Work to complete: Starting from the line containing "Legend has it", give again every line through the end of the entries, word for word. Pictures stay out of the copy.

The records:
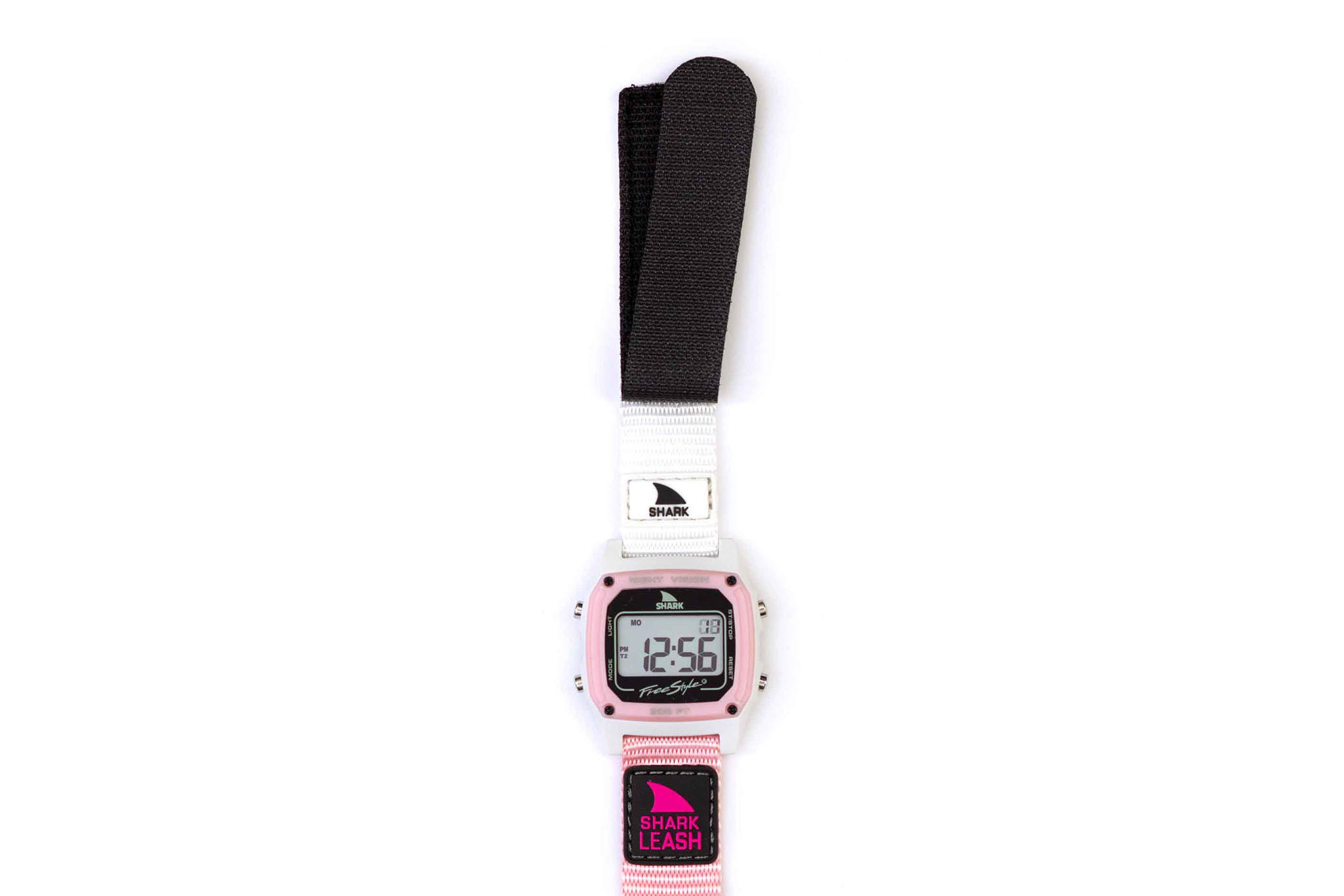 オリジナルのシャークウォッチには2つのモデルがある。クリップとリーシュだ。2つのモデルの主な違いは、ストラップの取り付け方法で、1つはスナップイン方式、もう1つはベルクロ方式だ。最初に発売されたリーシュは、サーフボードに付いているリーシュ(コード)を模したベルクロ式ストラップが付いていた。次に登場したクリップは、ベルクロではなくプラスチック製のケースを採用した。この2つのモデルは、シャークコレクションの礎となっており、現在もほぼオリジナルの形で販売されている。
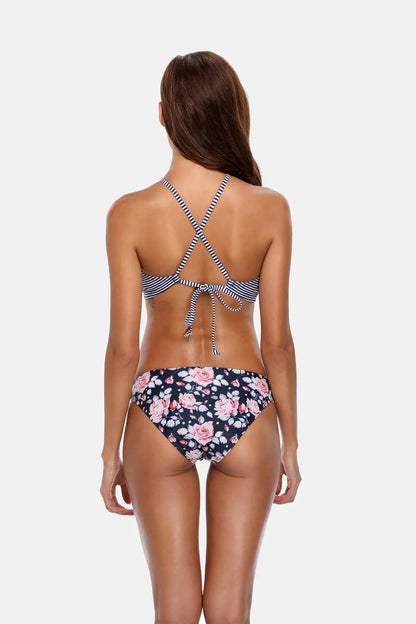 Women's Striped Bikini Set High Neck Swimsuit Vintage Floral Swimwear Strappy Bathing Suit Padded Beachwear
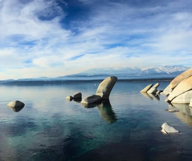 Legend has it that mobsters often chose Lake Tahoe as the final resting place of their foes. At a maximum depth of 1645 feet, and with a noticeably convex surface due to it's impressive scale, it sure does make for a good place to disappear. Luckily for us, we enjoyed hours of swimming, diving, and waterside activities alongside the shoreline - no encounters with mobsters or their victims. Our favorite spot along the route was Meeks Bay, where
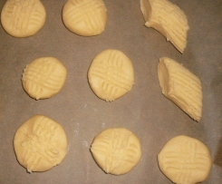 Bitte nur Butter nehmen, weil wenn Sie Margarne nehmen, laufen die Cookies auseinander ;-( , aber wenn Sie nur Butter nehmen bleiben Sie so, wie Sie auf`s Blech gelegt worden sind.
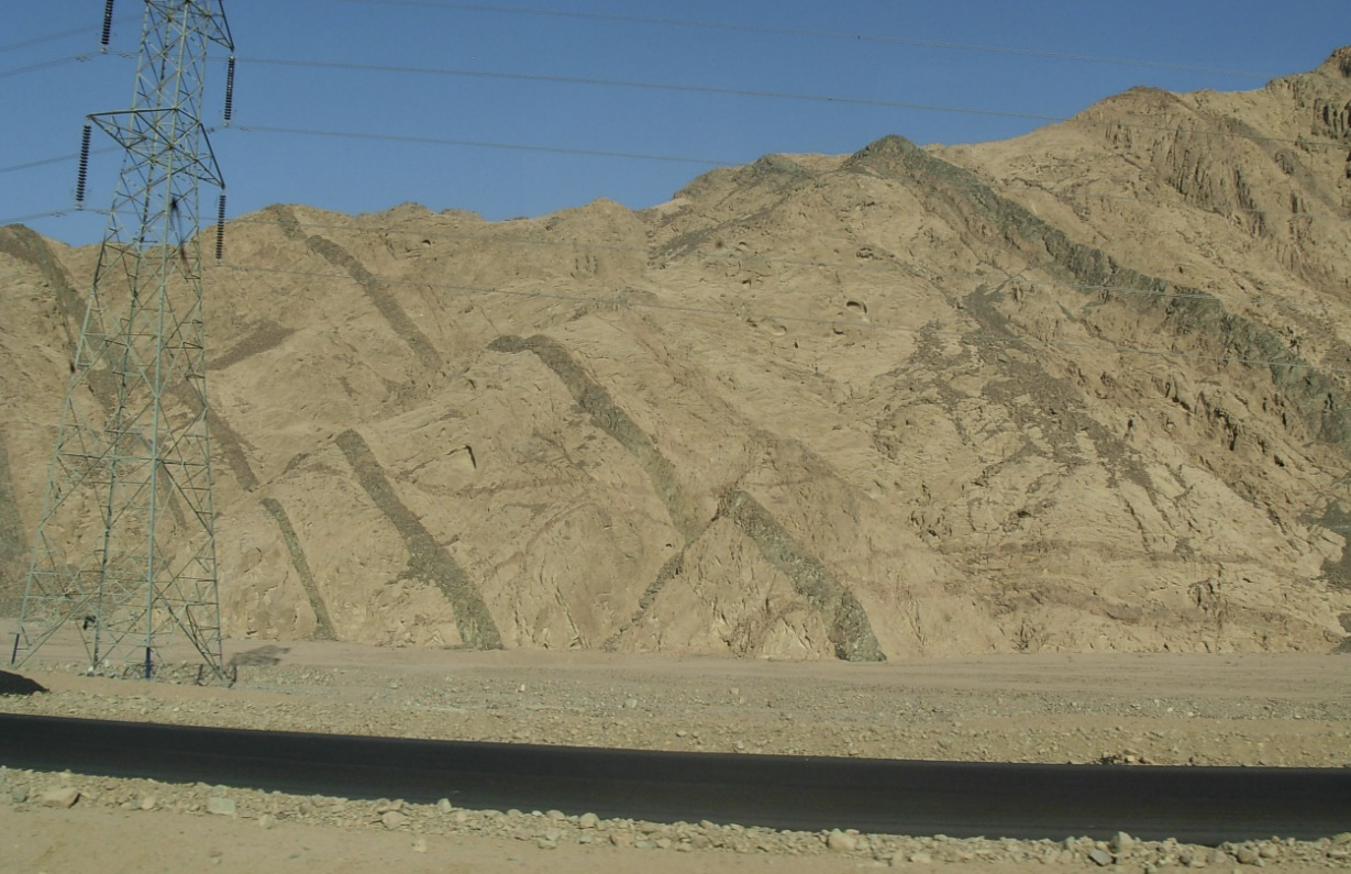 À semelhança da chegada a Aqaba, para quem vem de Wadi Rum1, os granitoides estão intensamente recortados por filões de rocha básica, mais certinhos em termos de atitude, e de outros diques de rocha mais clara (FIGURA 7). Não é possível negar a magnitude deste registo, que se destaca a vários quilómetros de altitude, facilmente discerníveis para quem sobrevoe esta parte do planeta.
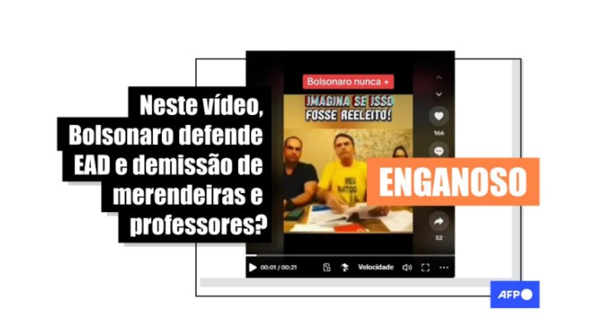 Na gravação, Bolsonaro afirma: “Eu vou implementar o ensino à distância. Acabando aqui com o quadro de professores, merendeiras e outras coisas mais”.
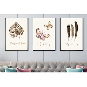 Tranh in trên vải canvas hội họa Kích thước: 40x60cm x3 Tấm lưng bằng gỗ MDF nhập khẩu. Khung vật liệu composite. Không bị ảnh hưởng bởi nước, ẩm mốc. Tặng kèm đinh 3 chân

Final answer:
 Legend has it that mobsters often chose Lake Tahoe as the final resting place of their foes. At a maximum depth of 1645 feet, and with a noticeably convex surface due to it's impressive scale, it sure does make for a good place to disappear. Luckily for us, we enjoyed hours of swimming, diving, and waterside activities alongside the shoreline - no encounters with mobsters or their victims. Our favorite spot along the route was Meeks Bay, where
 Bitte nur Butter nehmen, weil wenn Sie Margarne nehmen, laufen die Cookies auseinander ;-( , aber wenn Sie nur Butter nehmen bleiben Sie so, wie Sie auf`s Blech gelegt worden sind.
 À semelhança da chegada a Aqaba, para quem vem de Wadi Rum1, os granitoides estão intensamente recortados por filões de rocha básica, mais certinhos em termos de atitude, e de outros diques de rocha mais clara (FIGURA 7). Não é possível negar a magnitude deste registo, que se destaca a vários quilómetros de altitude, facilmente discerníveis para quem sobrevoe esta parte do planeta.
 Na gravação, Bolsonaro afirma: “Eu vou implementar o ensino à distância. Acabando aqui com o quadro de professores, merendeiras e outras coisas mais”.
 Tranh in trên vải canvas hội họa Kích thước: 40x60cm x3 Tấm lưng bằng gỗ MDF nhập khẩu. Khung vật liệu composite. Không bị ảnh hưởng bởi nước, ẩm mốc. Tặng kèm đinh 3 chân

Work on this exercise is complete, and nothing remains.